A further conclusion is that while UK growth has slowed this year, we should be aware that it still has momentum. Those of us who expect further interest rate cuts in the UK need to acknowledge that if the incipient momentum reasserts itself, rates may not need to come down much to keep things going.

Finally, if there are further one-off blows to the world economy - and bird flu is top of the list of threats - provided general growth is strong, it will be able to grow through these troubles.

This is a fascinating case study of what affects economies and what does not.

Fiscal reform will be the true casualty of this political scandal

Yes, but what will be the economic effect of there being an undoubtedly weaker US administration for the next three years?

It is a bit early to be thinking about this, amid the political furore in Washington. The US financial markets on Friday certainly focused on the economic news of the day, not the politics. I suppose it is conceivable that international investors, particularly in Asia, will be unnerved by the news and that may next week be reflected in the foreign exchanges and in US bond prices. But we will have to wait and see. Meanwhile, it is worth charting some of the probable consequences of having an administration not able to do much.

There are two big fiscal changes that the administration has in train: the social security reforms that are now in front of Congress and a reform of the tax code, which is supposed to follow. On the first, do not expect any significant impact, nor indeed any knock-on effects for the rest of us. What one country, even the largest economy, does on social security does not have much impact on the rest of the world.

Tax, however, is more interesting. The US may not set global best practice on taxation but what it does on both corporate and personal taxes has a profound impact on world tax systems. Other countries follow the US not because they admire it but because they have to compete.
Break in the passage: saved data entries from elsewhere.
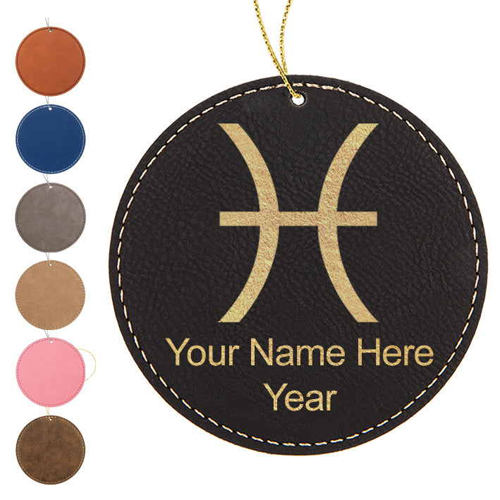 LaserGram Christmas Ornament, Zodiac Sign Pisces, Personalized Engraving Included (Faux Leather, Round Shape)
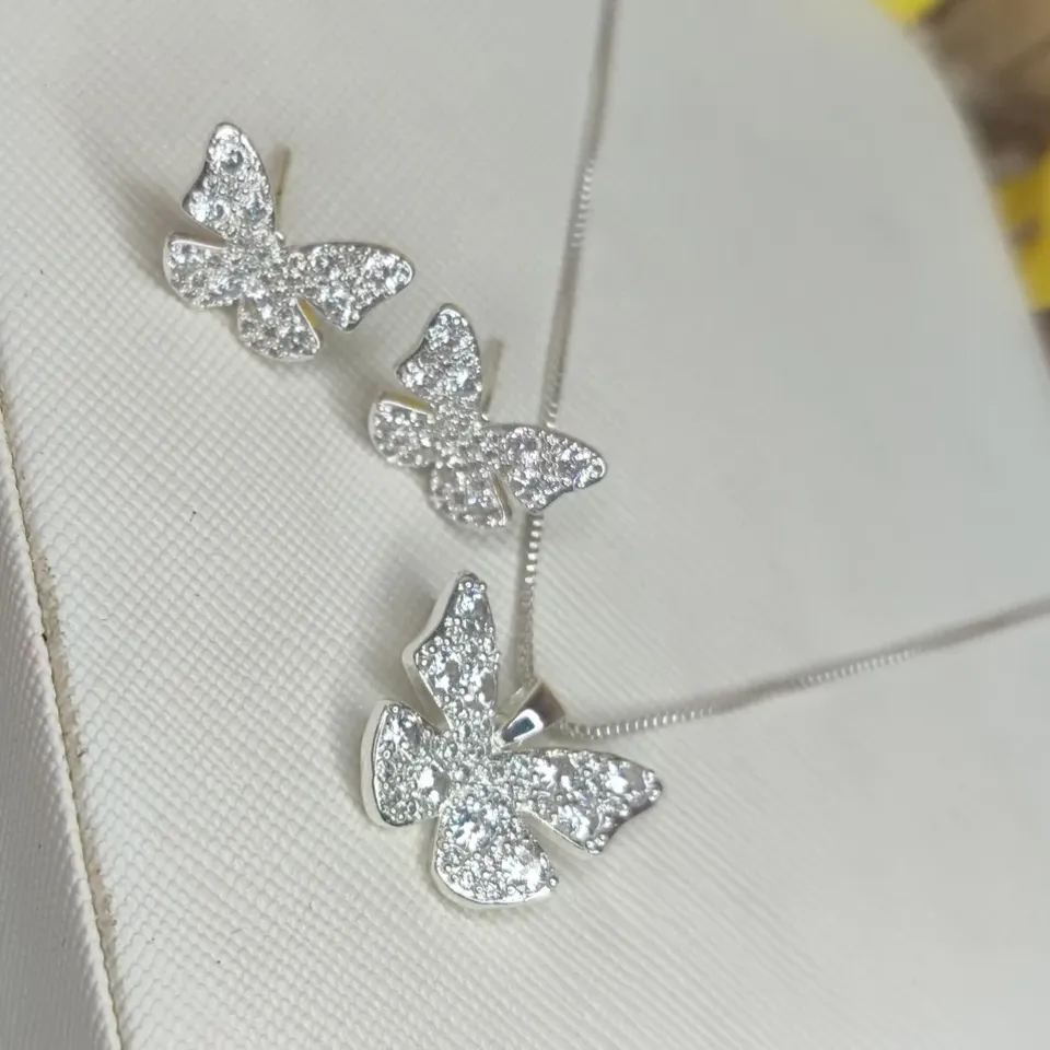 Conjunto Borboleta Cravejada Banhado a PrataConfira opiniões e avaliações de clientes!
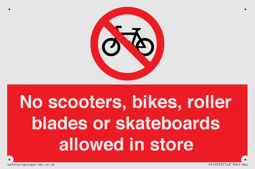 No scooters, bikes, roller blades or skateboards allowed in store Sign
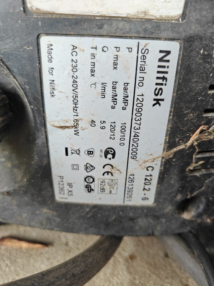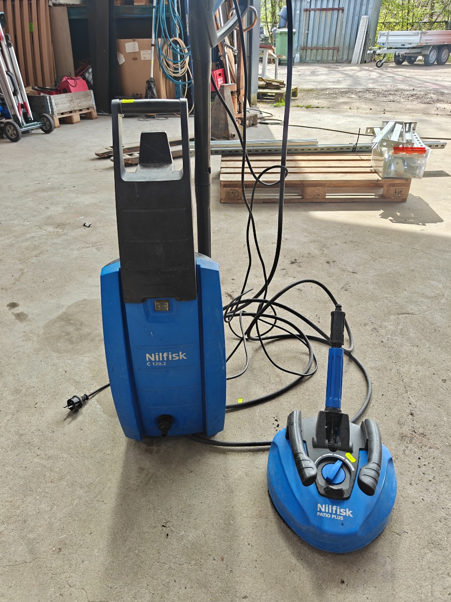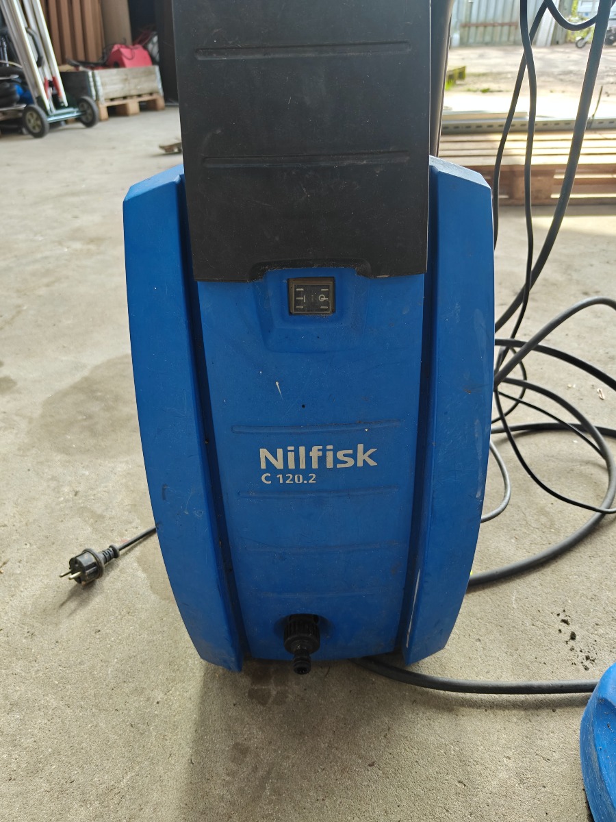 Nilfisk Højtryksrenser c120.2 med tilhørende fliserenser & nilfisk våd/støvsuger buddy ll 12 brugt, ok stand
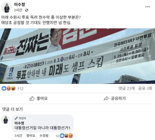 이 위원장은 26일 자신의 페이스북에서 경기 수원시가 내건 6·3 대선 투표 독려 현수막 사진을 올리며 “아래 현수막 중 이상한 부분은? 애당초 공정할 것 기대도 안 했지만 너무 한심”이라고 했다.
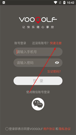 1、在VOOGOLF的登录页面,点击快速注册选项,进入注册页面。

The US tax system is not only extremely complex but also remarkably unprogressive. The rich are able to exploit loopholes to limit their tax bills to much greater extent than in other developed countries. Somehow it has to be simplified and the issue is whether the administration's idea of how to do so will carry weight. Last April the President established a bi-partisan advisory panel to suggest revenue-neutral proposals on reform, to report by next Tuesday, 1 November.

The trouble with any tax change is that some people lose out. So ahead of the panel's report there has been plenty of noise: attacks in the papers on the way in which householders may suffer if tax breaks are limited. (In the US you get a break on mortgages on second homes, for example.) Had the President more political capital, then maybe he could have used it to push through radical changes. Now that looks less likely. So the US will scramble along with a cobbled-together tax system.

Tax simplification is one of the great global issues of the moment. Someone, somewhere around the world, will take the lead. It is still possible it may come from the US - but on balance that looks less likely now as a result of the events of Friday.